The Brahmanda Purana 14.46 narrates the following story of Kalayavana's birth, a woman named Vrukkka-Devi decided to test the virility of Gargya (IAST: Gārgya, "descendent of Garga"). Gargya was unable to ejaculate, for which the Yadavas laughed and insulted him. After a 12-year penance, Gargya got a boon from Mahadeva that he would get a son with the power to destroy the Yadavas. During his penance, he ate iron fillings that made his complexion iron-black (kāla). Subsequently, Gargya came to Mathura, and had sex with Indra's Apsara (nymph) in disguise. Kalayavana was the result of this coitus, Gargya crowned him as the new king of Yavanas, and left for the forest.

According to the Vishnu Purana and Harivamsa. He was the partial incarnation of Krodha.
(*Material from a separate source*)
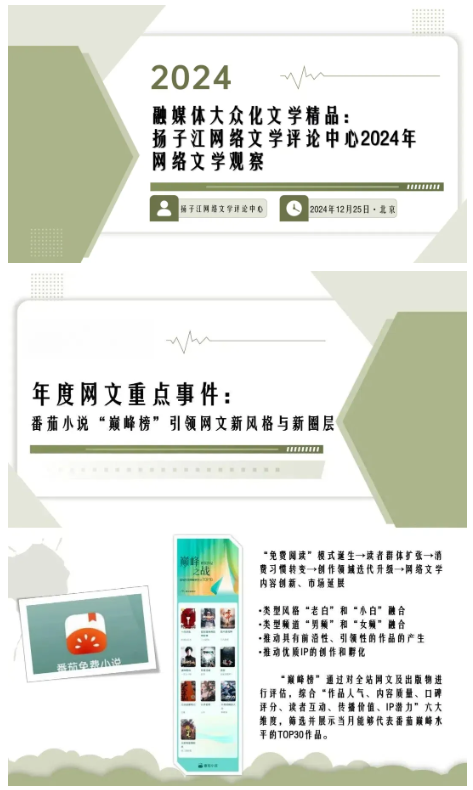 扬子江网络文学评论中心发布2024年网络文学年度观察,并举办本次融媒体大众化文学精品研讨会,旨在系统梳理和深入总结2024年度网络文学在创作趋势、题材文化、传播形式等方面的显著变动,全面分析网络文学的发展与市场的互动关系,关注这一领域涌现出的新趋势、新现象,以及背后所蕴含的文化意义和产业动能,期待此次活动能够为网络文学行业发展提供一种具有前瞻性的参考,助力网络文学在新时代不断实现更高质量的发展。

Jarasandha, Kamsa's father-in-law, and the ruler of Magadha attacked Mathura seventeen times, but was beaten by Krishna every time. Unable to defeat Krishna on his own, Jarasandha made an alliance with Kalayavana. Kalayavana had become a powerful Yavana warrior, who had gotten a boon from Shiva that on the battlefield, he would be unbeatable.

Krishna, in order to defend his people, built a formidable city, named Dvaraka, to which he transported the inhabitants of Mathura. Kalayavana attacked Mathura with an army of 30 million Yavanas. Krishna, realising that the Yavanas had greatly outnumbered all the Yadavas, decided to challenge Kalayavana for a duel. Krishna strategically fled the battlefield and lured Kalayavana into the cave where the great king of Treta Yuga, Muchukunda, one of the forefathers of Rama, was in a deep slumber of thousands of years after helping the devas in an epic war with the asuras.

Desiring an absolutely undisturbed sleep, he had been given a boon by Indra that anyone who dared to disturb his sleep would get burnt to ashes immediately. In the Dvapara Yuga, in the darkness deep inside the cave, Krishna covered Muchukunda with his scarf. Kalayavana, assuming him to be Krishna, kicked him, thus disturbing the king's sleep, and was reduced to ashes. Muchukunda was delighted to see Krishna there. Krishna advised him to perform tapasya to cleanse his accumulated sins to attain moksha. After meeting the deity, Muchukunda set out of the cave. Muchukunda then travelled north to Gandamadana Mountain, and from there, to Badrikashrama, for doing penance and finally achieved liberation in the form of moksha.

== In popular culture ==
The hills and the cave where Muchukunda rested is held by locals to be located at Ranchodji teerth, district Lalitpur, in the state of Uttar Pradesh.